ONEIDA — Madison County and the city of Oneida are using a shared services plan to give each other help in specific areas of firefighting expertise.
The county will provide fire investigations training to Oneida and the Oneida Fire Department will provide personnel and equipment when the county faces a confined space fire.
The Madison County Board of Supervisors passed a resolution Dec. 19 allowing board chairman John Becker to sign a memorandum of understanding between the county and the city.

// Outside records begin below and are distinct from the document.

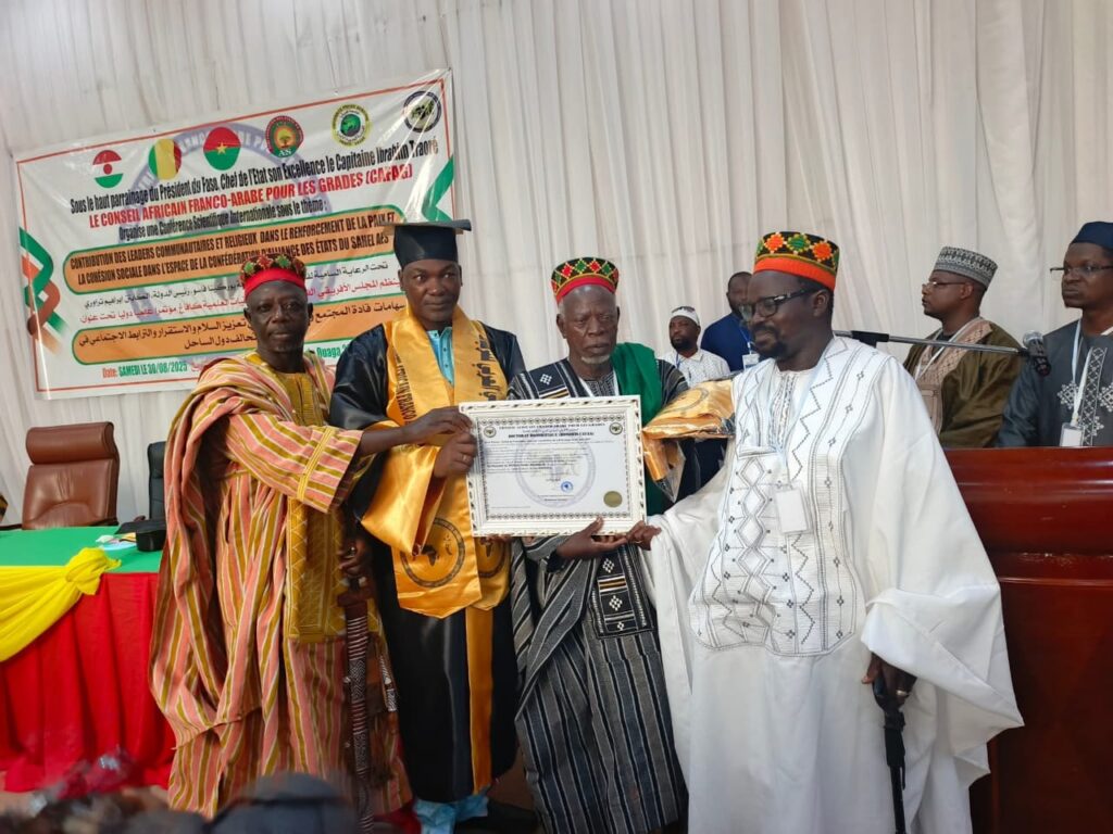 En marge de la conférence, le Conseil a tenu à honorer plusieurs cheikhs, oulémas, chefs coutumiers et religieux, ainsi que des personnalités distinguées, en leur décernant le Doctorat Honoris Causa, en guise de reconnaissance et d’encouragement pour leurs efforts dans la consolidation de la paix et de la cohésion sociale.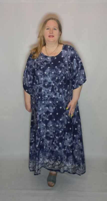 Легкое, игривое, летнее платье выполнено из штапеля-джинс( 100% вискоза). Ткань легкая, пластичная, не эластичная, хорошо драпируется, умеренно мнется, хорошо дышит и пропускает воздух.Это "вареный" штапель, чем обусловлены разводы на ткани, а рисунок, имитирующий вышивку, нанесен принтом. Принт можно гладить, не прилипает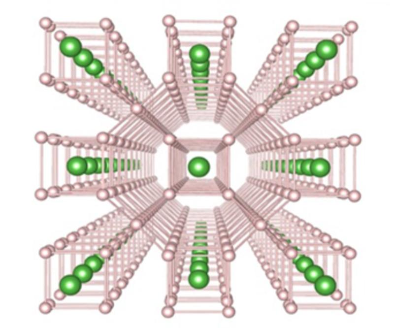 图3:LaH₁₀笼型结构,粉红色代表La原子(粉色)构成笼子包裹住H原子(绿色),形成所谓的化学预压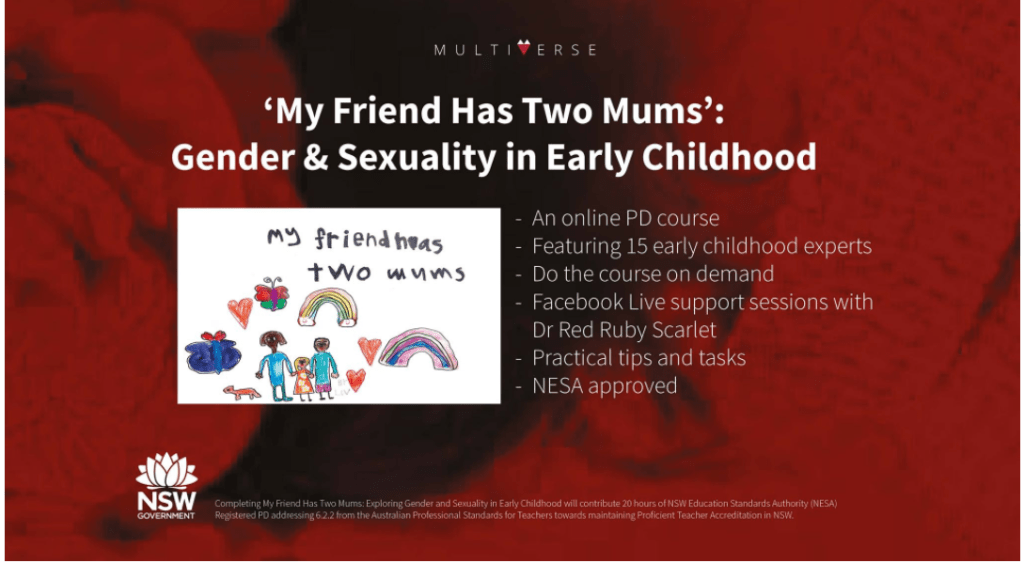 The content videos will consist of interviews between Dr Red Ruby Scarlet and those listed below:Module 1. Queer Thinking in Early Childhood – Professor Kerry H Robinson Module 2. The National Quality Framework – Nicholas Stewart Module 3. Putting Inclusive Policies in Place – Anthony Semann Module 4. Using Anti-Bias Approaches – Jill Huntley Module 5. A Transgender Early Childhood Educator – Sharon Priestley Module 6. Heterosexuality as an Identity – Michael McGirr Module 7. Transitioning as Parents – Teighan & Tammie Cosier Module 8. Queer Pedagogies – Stephen Gallen Module 9. Intersex Identities – Dr Agli Zavros-Orr Module 10. Living Non-Binary – Danny Xanadu Module 11. Leadership and Life – Sarah Louise & Ace Dean Module 12. Aboriginal Queerness and Queeness – Nana Miss Koori/Graham Simms Module 13. Rainbow Families – Ashley Scott and Cathy Brown’ https://multiverse.com.au/my-friend-has-two-mums/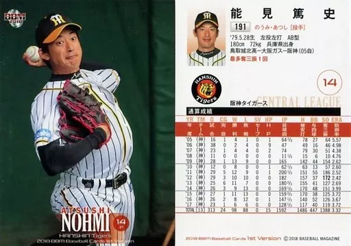 BBM / Regular Card / Hanshin Tigers / BBM2018 Baseball Card 1 st Version 191 [Regular Card] : Atsushi Nomi

“This idea is one that’s been a year in coming, but I want to wait on a formal comment only after it’s been signed and made official,” Madison County Fire Coordinator Doug Shattuck said.
The Oneida Fire Department possesses confined space equipment and has personnel who are trained in confined space rescue. Confined spaces are work areas with limited access entrances or exits. Workers may be exposed to toxic elements while working in them. They include pits, silos, vats, sewers, boilers, tunnels and pipelines.
“The Department of Emergency Management has identified that there is a significant risk of confined space emergencies in the county,” Criminal Justice, Public Safety and Emergency Communications Committee Chairman Roger D. Bradstreet Sr. said.
Oneida’s department is able to work with minimal assistance from the county’s rope rescue team to fight and rescue those involve din confined space fires. Madison County on their end offer qualified fire investigators who are willing to help Oneida firefighters fulfill the number of hours necessary to maintain their certification.
Training for fire investigators requirements vary by state. It includes classroom and on-site training and often lasts for several months.
Fire investigators determine the origin of fires and explosions, while fire inspectors work to ensure that federal, state and local fire codes are met within buildings.